‘Warm Evenings, Pale Mornings: Beside You Then’ by Caleb Dailey | Album Premiere

Uncategorized March 31, 2022

‘Warm Evenings, Pale Mornings: Beside You Then’ by Caleb Dailey | Album Premiere

Exclusive album premiere of ‘Warm Evenings, Pale Mornings: Beside You Then’ by Caleb Dailey, out April 8th via Alien Transistor & Moone Records.

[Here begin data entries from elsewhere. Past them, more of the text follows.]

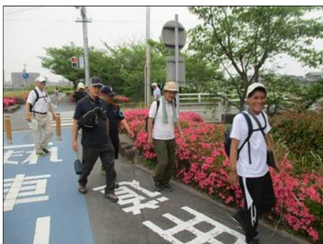
6672 紅赤色のサツキは美しい！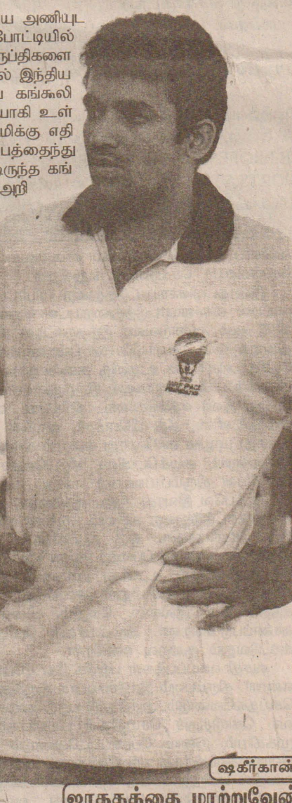
ஷகீர்கான் ஜாதகத்தை மாற்றுவேன்

இந்திய அணி அவுஸ்திரேலிய அணியுடனான முதலாவது டெஸ்ட் போட்டியில் சந்திக்கும்முன்னமே, பல அதிருப்திகளை எதிர்நோக்கியிருக்கிறது. இதில் இந்திய அணியின் தலைவர் சௌரவ் கங்கூலியின் நடத்தை கேள்விக்குறியாகி உள்ளது. குயின்ஸ்லாந்து அக்கடமிக்கு எதிரான ஒரு ஆட்டத்தில் முப்பத்தைந்து ஓட்டங்களுடன் ஆடிக்கொண்டிருந்த கங்கூலி ஆட்டம் இழந்தார் என்று அறிவிக்கப்பட்டபோது, கங்கூலி அதை ஏற்றுக்கொள்வதாக இல்லை. மைதானத்திலேயே சிறிது தாமதித்துத் தன் எதிர்ப்பைக் காட்டிய அவர், பின்னர் மைதானத்தை விட்டே வெளியேறி தான் தங்கியிருந்த ஹோட்டலுக்குச் சென்றுவிட்டாராம். இதற்கு முன்னதாகவே காலையில் தனது அணியினர் களத்தடுப்பில் ஈடுபட்டிருந்தபோது, அவர் பயிற்சியில் (NETS) ஈடுபடச் சென்று விட்டாராம். டெஸ்டுக்கு முன்னதாக இரண்டு ஆட்டங்களும் கங்கூலிக்கு வாய்ப்பாக அமையவில்லை. அவரால் சேகரிக்கக் கூடியதாக இருந்த ஓட்டங்கள் இரண்டும், ஆறும் மட்டுமே யாகும். இந்த நிலையில் தற்போது அவர் நடந்து கொண்ட முறை பெரும் அதிருப்தியை உருவாக்கி இருக்கிறது. அதிலும் சர்வதேச அணியொன்றின் தலைவர் தனது அணி மைதானத்தில் ஆடிக்கொண்டிருக்க. தனது தனிப்பட்ட பயிற்சிக்காகச் சென்றமை எப்படிச் சாத்தியமானது என்று வியப்புறுகிறார்கள் விமர்சகர்கள்.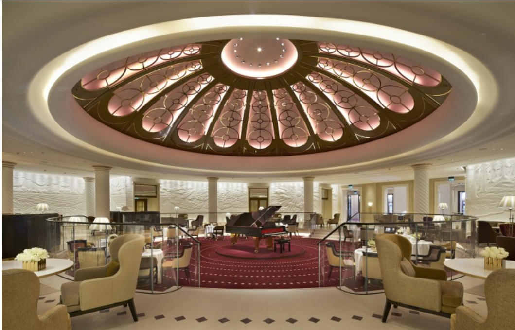
Le lobby de l'hôtel sous la coupole magnifique du Ten Trinity Square. Four Seasons

Loin de Mayfair où se concentrent les adresses les plus prestigieuses de Londres, le groupe Four Seasons a choisi d'installer son nouveau bastion, en plein cœur de la City et plus précisément dans le très emblématique Ten Trinity Square. Édifié en 1922 pour accueillir les Autorités Portuaires de la ville, il est aujourd'hui classé monument historique et bénéficie d'un emplacement privilégié. On retrouve d'un côté le Tower Bridge surplombant la Tamise et la Tour de Londres et de l'autre les bureaux de Norman Foster et Richard Rogers. L'hôtel est le premier de ce genre à s'installer dans l'Est de la ville qui connaît aujourd'hui un vrai renouveau. Un adresse qui actualise l'offre hôtelière de la ville en s'adressant aussi bien à une clientèle d'affaire qu'aux visiteurs de la capitale britannique.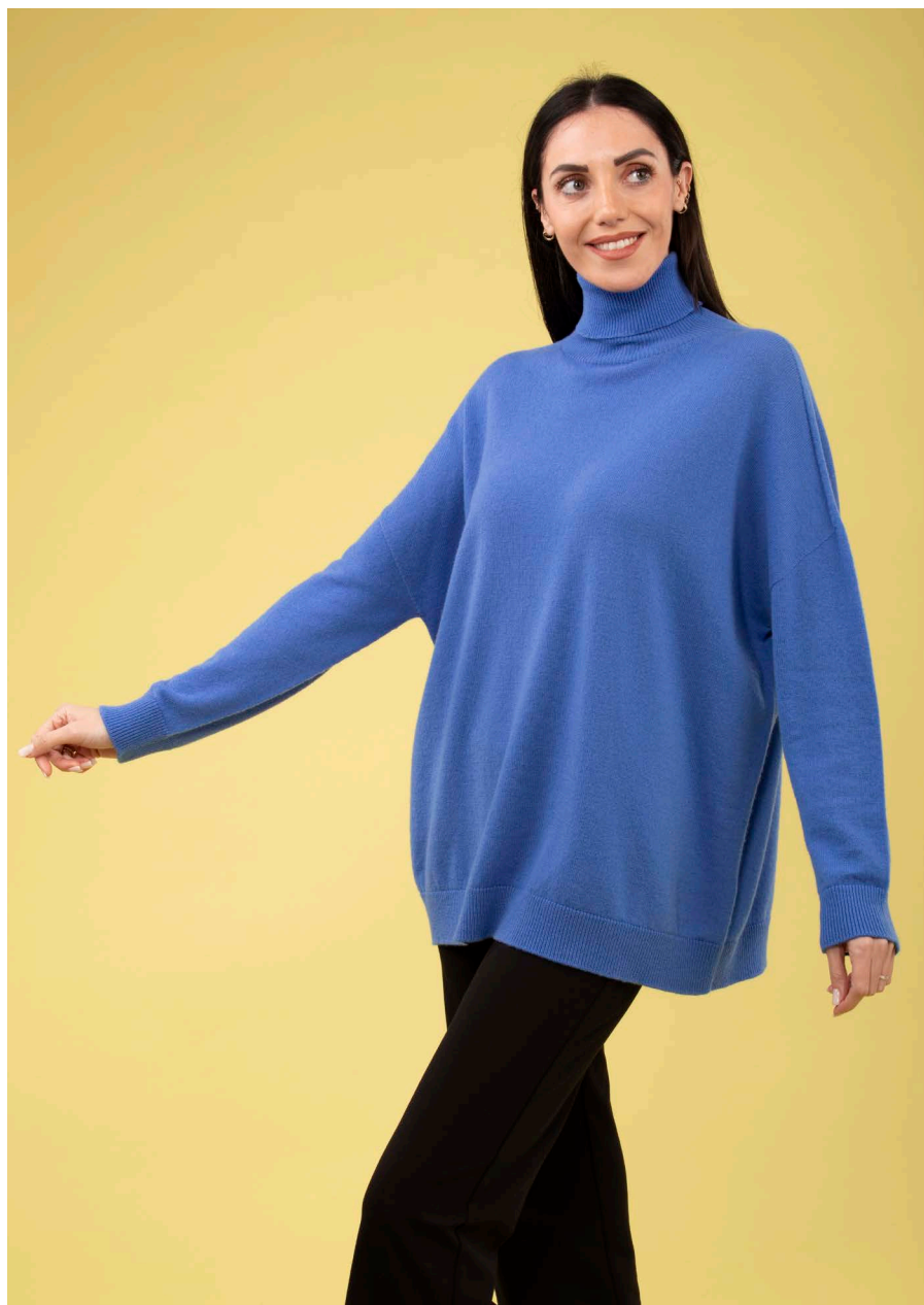
Maglia collo alto over art. N509A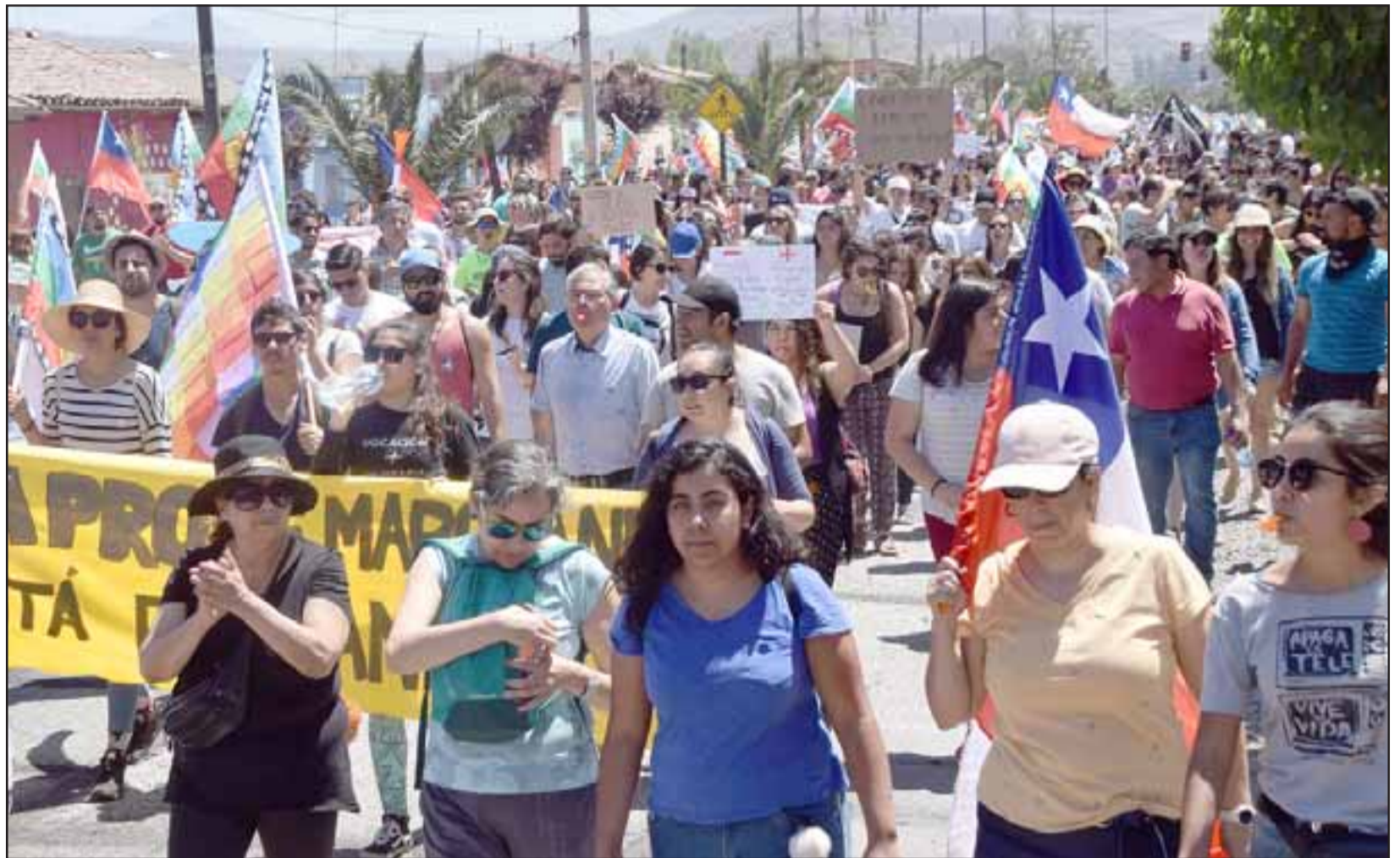
SIN VIOLENCIA.- Así serían las marchas que todos en San Felipe están dispuestos a apoyar y hasta participar.

- Yo creo definitivamente que las demandas sociales todo el mundo las comparte y nadie está ajeno a lo que la ciudadanía hoy día está reclamando, pero creo que el camino no es la violencia, más bien pienso que el camino es la conversación y el diálogo, es el trabajar es el aportar, yo creo que cuando se terminan los argumentos es cuando nace la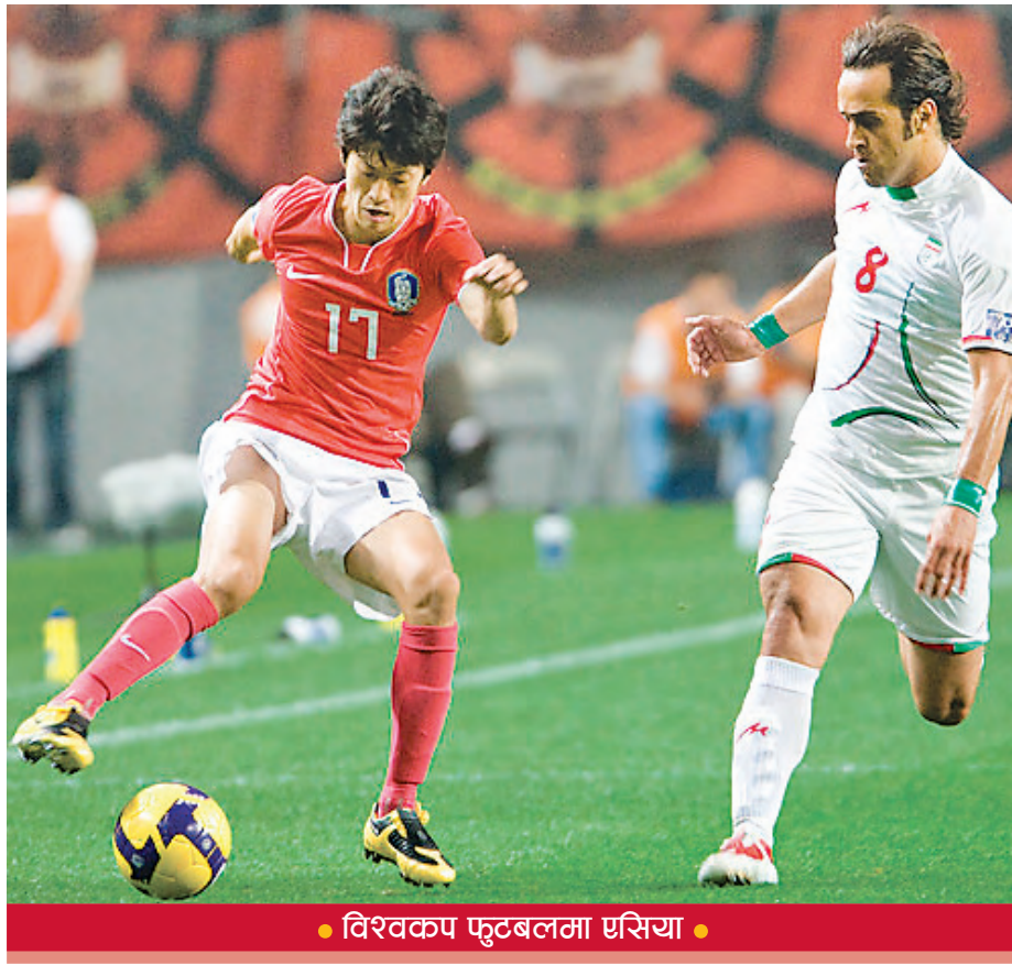
• विश्वकप फुटबलमा एसिया •

फाइनल चरणमा अस्ट्रेलियाले पहिलो पटक प्रवेश पाएको थियो। उक्त विश्वकपमा अस्ट्रेलिया पहिलो चरणबाटै घर फर्कियो। त्यसको ३२ वर्षपछि अस्ट्रेलियाले पुनः जर्मनीले नै सन् २००६ मा आयोजना गरेको विश्वकप प्रतियोगिताको फाइनलमा खेल्ने मौका पाएको थियो। उक्त विश्वकपमा अस्ट्रेलियाले आफ्नो स्तरमा सुधार गर्दै आफूलाई दोस्रो चरणसम्म पुऱ्यायो। दोस्रो चरणमा अस्ट्रेलिया इटालीद्वारा शून्यका विरुद्ध १ गोलले पराजित भएर घर फर्कियो। यसपटक अस्ट्रेलियाले एसियाका तर्फबाट प्रतिनिधित्व गर्दै चौथो चरणमा समूह 'ए' को विजेता भएर १९

Growing up in the Californian sprawl and the vast suburbs of Phoenix, Arizona, Caleb Dailey largely dismissed the country and western music that surrounded him. Instead, he was drawn to independent rock, experimental zones, and other genre-defying forms, which led him to create skewed rock music with Bear State and establish the “minimal art label” Moone Records with his brother Micah Dailey in 2013. But in the early half of the 2010s, Dailey began to hear things differently. Drawn into the left-of-center works of artists like Gram Parsons and Blaze Foley, a more idiosyncratic take on country, folk, and roots music began to swirl in his imagination.

 

Wandering into the form’s cowboy chords and lonesome scenes, Dailey found himself wondering what his own country album might sound like. The result is his debut solo album, a collection of covers called Warm Evenings, Pale Mornings; Beside You Then. Produced by John Dieterich of Deerhoof, Keiko Beers, and Dailey himself, it’s a melancholy charmer, rooted in traditional ideas but free roaming in its scope. Laced with synths, pedal steel, acoustic guitars, and commanded by Dailey’s full and woozy voice, it owes as much to the busted waltzes of Lambchop and the homespun lo-fi folk of Little Wings (whose Kyle Field appears on the album via a spoken intermission) as it does to the songwriters and performers who provide its source material, which include Parsons, Foley, Elvis Presley associate Chips Moman, steel guitarist Buddy Emmons, and others.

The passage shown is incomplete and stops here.